You should consider using Step Functions if:
-
Your microservice integration involves complex, multi-step processes.
-
You need to maintain state across long-running operations.
-
You want to implement error handling and retry logic at the workflow level.
-
You need to coordinate both synchronous and asynchronous operations.
Step Functions offers a visual editor for designing complex workflows, which simplifies the process of creating and managing state machines. It provides built-in error handling mechanisms, including retry logic and error state management, which enhance the reliability and robustness of your applications. Standard workflows support long-running processes for up to one year, which is suitable for workflows that span extended periods. This option separates orchestration logic from application code, so it significantly reduces code complexity. This means that developers can focus on core business logic while Step Functions handles the flow control and coordination of distributed components.
For example, consider a loan approval process in a financial services application, which is illustrated in the following diagram. The process starts when a loan application is submitted.

In the state machine that's illustrated in the previous diagram, Step Functions orchestrates the following steps:
-
Validate application data (Lambda function)
-
Check credit score (Lambda function that calls an external API)
-
Assess risk (Lambda function)
-
If high risk, route to manual review (human approval task)
-
If approved, initiate loan disbursement (Lambda function)
-
Send notification to applicant (Amazon SNS)

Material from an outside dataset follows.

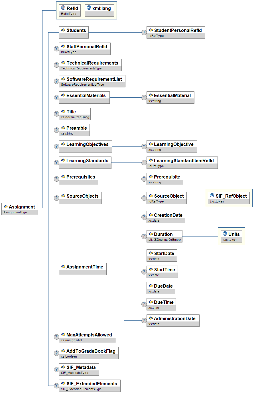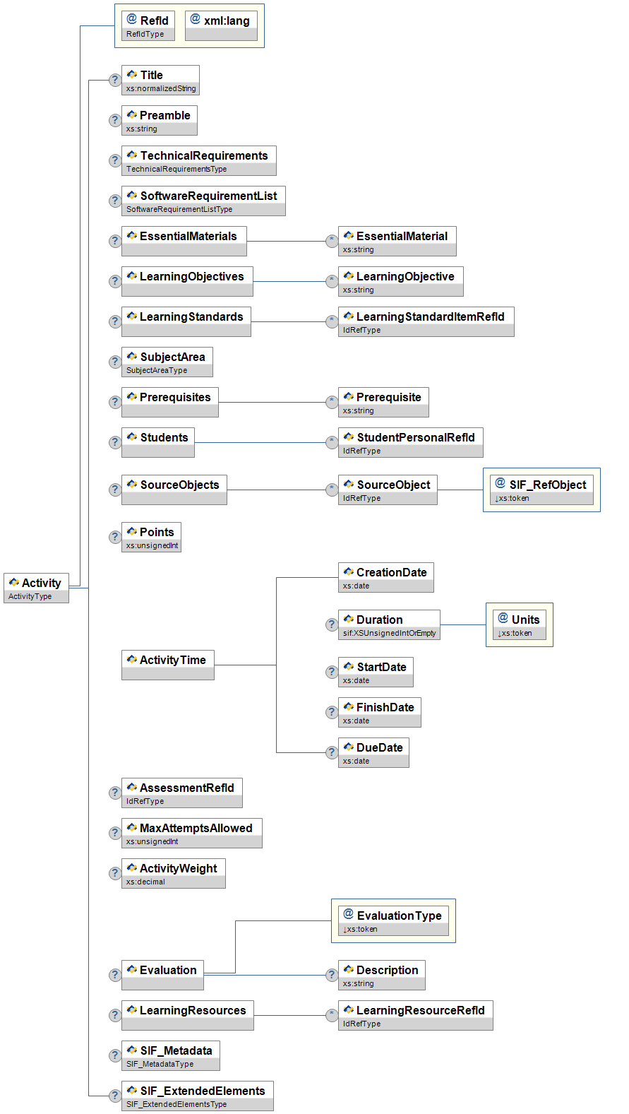 | AssessmentRefId | O | Link to the SIF Assessment object containing the evaluation information for this activity. | IdRefType | |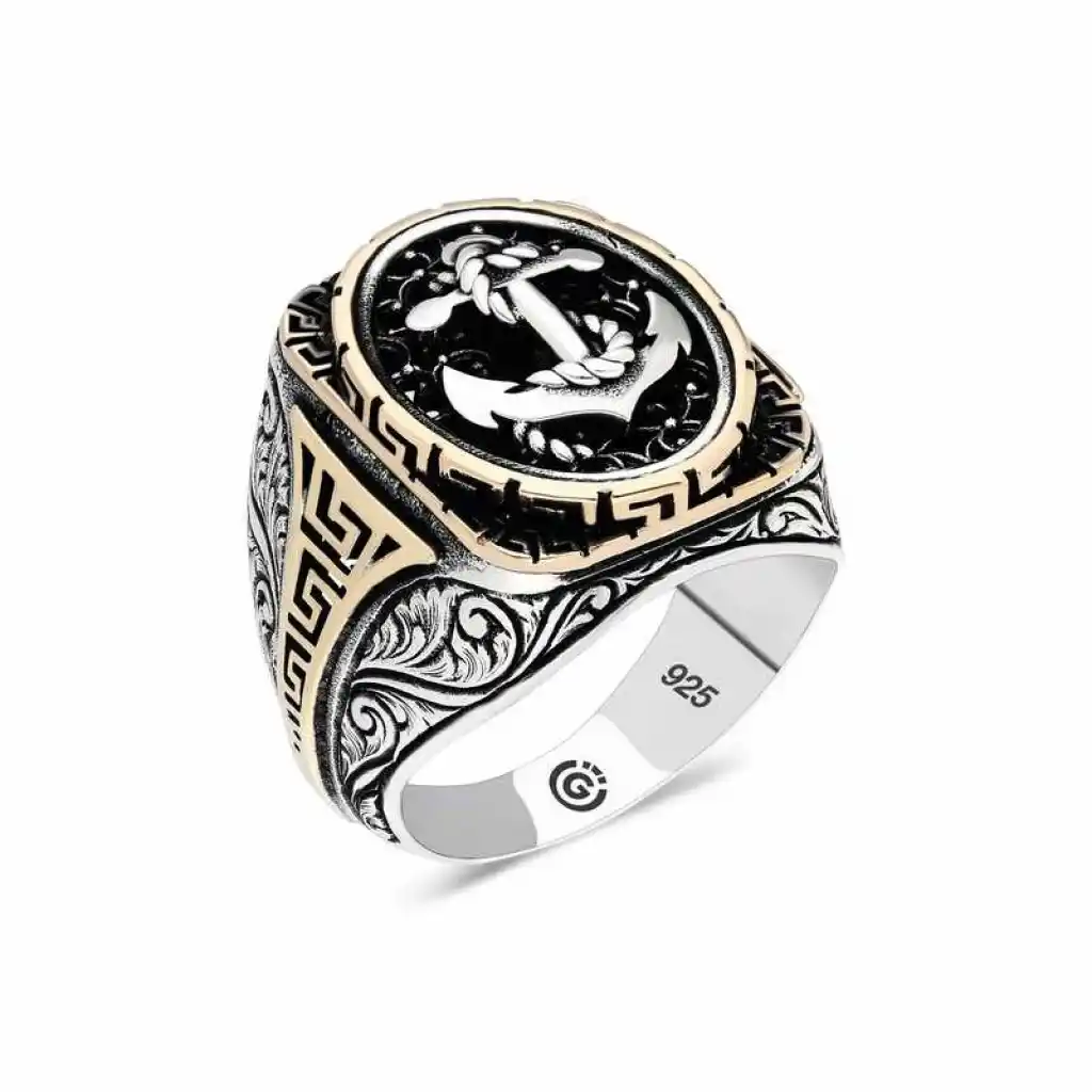 • Gümüş Deniz Çapası Oval Erkek Yüzük Çapa Yüzükler Gümüş Deniz Çapası Oval Erkek Yüzük Gümüş üzerindeki deniz çapası oval erkek yüzük modeli günün her anında kullanabileceğiniz şık bir aksesuardır. Bu

You can use this approach to manage a complex, potentially long-running process reliably, with built-in error handling and the ability to include both automated and manual steps.
Considerations:
-
Design your state machine carefully to handle all possible scenarios.
-
Perform steps in parallel where possible.
-
Use the built-in error handling and retry mechanisms in Step Functions for both permanent and temporary failures.
-
Consider using standard or express workflows based on your use case. Express workflows might be preferable for short-duration or high-volume workflows.
-
Monitor execution metrics to optimize your workflow.
-
Use nested workflows to encapsulate and reuse functionality across multiple state machines.
-
For complex workflows, consider using Amazon Bedrock Agents as an alternative to Step Functions.
For more information, see the Step Functions documentation.
Example: Amazon MWAA
If your organization already uses Apache Airflow, Amazon MWAA is a natural choice as a workflow orchestrator. In Apache Airflow, you build your workflows as directed acyclic graphs (DAGs) by using Python. The DAG representation of the state machine that's illustrated in the Step Functions section might look like this:

For information about working with DAGs, see the Amazon MWAA documentation.
Key differences between Step Functions and Amazon MWAA
-
Step Functions is a fully-managed serverless service, so there is no infrastructure to pre-provision and no need to schedule a maintenance window. Amazon MWAA must be deployed ahead of time, and you choose the size and number of nodes in your cluster.
-
In Step Functions, you can author state machines in a variety of ways, including Workflow Studio, directly as JSON, or using the AWS Cloud Development Kit (AWS CDK). Apache Airflow DAGs are written in Python.
-
With Step Functions, you incur no cost when there are no workflows running. With Amazon MWAA, you will incur costs even when no DAGs are running.